The Center for Rural Development has announced that Emily Phillips will assume a dual leadership role in the organization.
Lonnie Lawson, president and CEO of The Center, announced this week that Phillips will serve as youth programs coordinator while continuing her current position as community liaison.
Phillips will coordinate The Center’s three summer youth leadership programs—Rogers Scholars, Rogers Explorers, and Entrepreneurial Leadership Institute (ELI)—and carry on her work as a community representative of The Center within its 42-county primary service area.
“Emily will concentrate on moving our youth leadership programs forward as we begin recruitment this fall for middle and high school students seeking to apply for next year’s summer camps,” Lawson said. “The Center is dedicated to helping the youth of Southern and Eastern Kentucky develop the skills they need to seize their potential as the region’s next generation of business and entrepreneurial leaders.”
Since January, Phillips has served as community liaison and sales associate at The Center. She documents her travels across the region and experiences along the way in a blog, “The Center Lane,” posted on The Center’s website at centertech.com.
“I am honored to be asked to lead these programs that have such a profound effect on the future of our region,” Phillips said. “Working with the youth programs this past summer, I got to see the immediate impact our programming has on these incredible young people. I look forward to working with these students to make our region an even better place to live and work.”
Before she joined The Center’s staff, Phillips was employed by Monticello Banking Company in Wayne County.

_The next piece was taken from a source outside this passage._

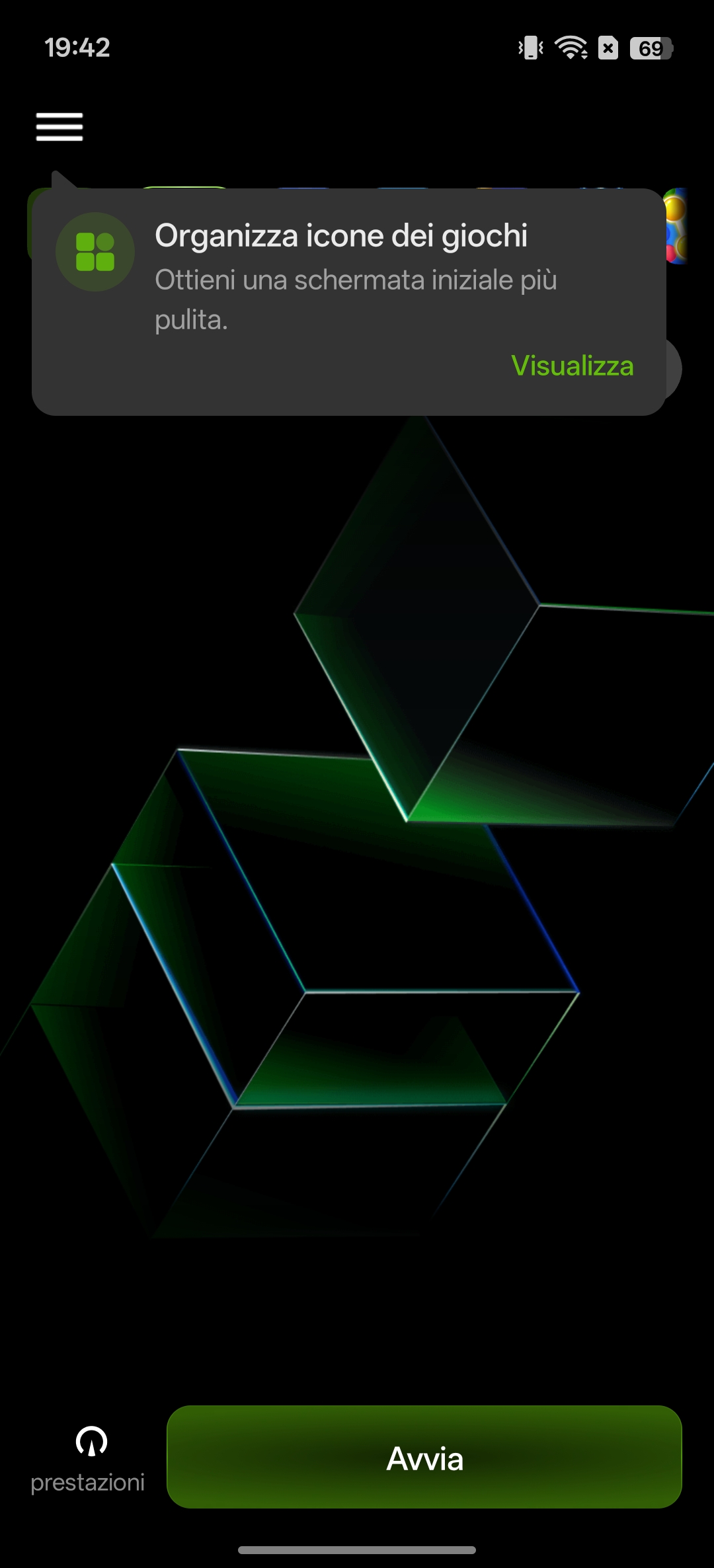 Giochi è un contenitore al cui interno posso essere inseriti i giochi, in modo da essere lanciati in modalità prestazioni, ovvero svuotando la RAM e applicando il profilo di utilizzo scelto (Competizione, Bilanciato e Basso Consumo). Sarà inoltre possibile silenziare le notifiche per non essere disturbati durante il gioco

Prior to that, she served as a major gifts officer at Union College in Barbourville.
She earned a bachelor’s degree in political science from Transylvania University, and a master’s degree in public administration from Eastern Kentucky University.
While completing her graduate work, she also served as an intern for Kentucky League of Cities, a Lexington-based organization that supports community innovation, effective leadership and quality governance in cities across Kentucky.
Phillips and her husband, Frank, an attorney with Phillips & Phillips Attorneys, make their home in Monticello.